[GIVEN MATERIAL Boundary: Start]

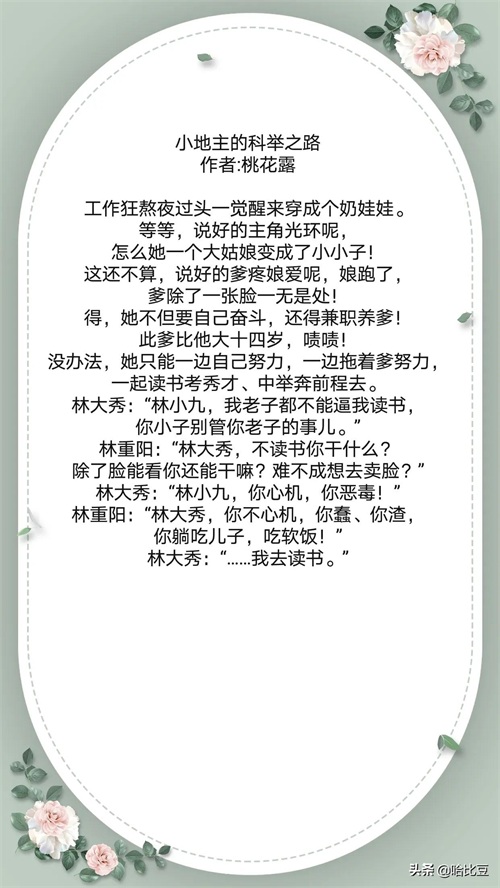 《小地主的科举之路》桃花露 229章 名校女老师,女穿男,带着亲爹一起考科举。
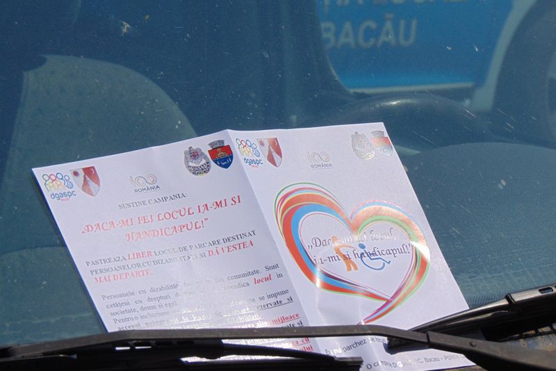 După ce în luna august au desfăşurat activităţi de informare, poliţiştii locali din Bacău au trecut acum la amenzi, în cadrul campaniei „Dacă-mi iei locul, ia-mi și handicapul!”. Împreună cu Direcția Generală de Asistență Socială și Protecția Copilului, agenţii au desfășurat zilele trecute acțiuni de identificare și sancționare a conducătorilor auto care parchează pe locurile destinate persoanelor cu dizabilități.
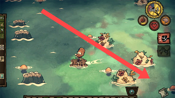 3、当到达水域场景(木筏、船的画面),按箭头指引驾驶船只探索岛屿,收集蛋、植物等资源。

[GIVEN MATERIAL Boundary: End]

• WORK REQUIRED: Could you retype the whole listing word for word, minus its pictures?

• WRITTEN RESPONSE:
 《小地主的科举之路》桃花露 229章 名校女老师,女穿男,带着亲爹一起考科举。
 După ce în luna august au desfăşurat activităţi de informare, poliţiştii locali din Bacău au trecut acum la amenzi, în cadrul campaniei „Dacă-mi iei locul, ia-mi și handicapul!”. Împreună cu Direcția Generală de Asistență Socială și Protecția Copilului, agenţii au desfășurat zilele trecute acțiuni de identificare și sancționare a conducătorilor auto care parchează pe locurile destinate persoanelor cu dizabilități.
 3、当到达水域场景(木筏、船的画面),按箭头指引驾驶船只探索岛屿,收集蛋、植物等资源。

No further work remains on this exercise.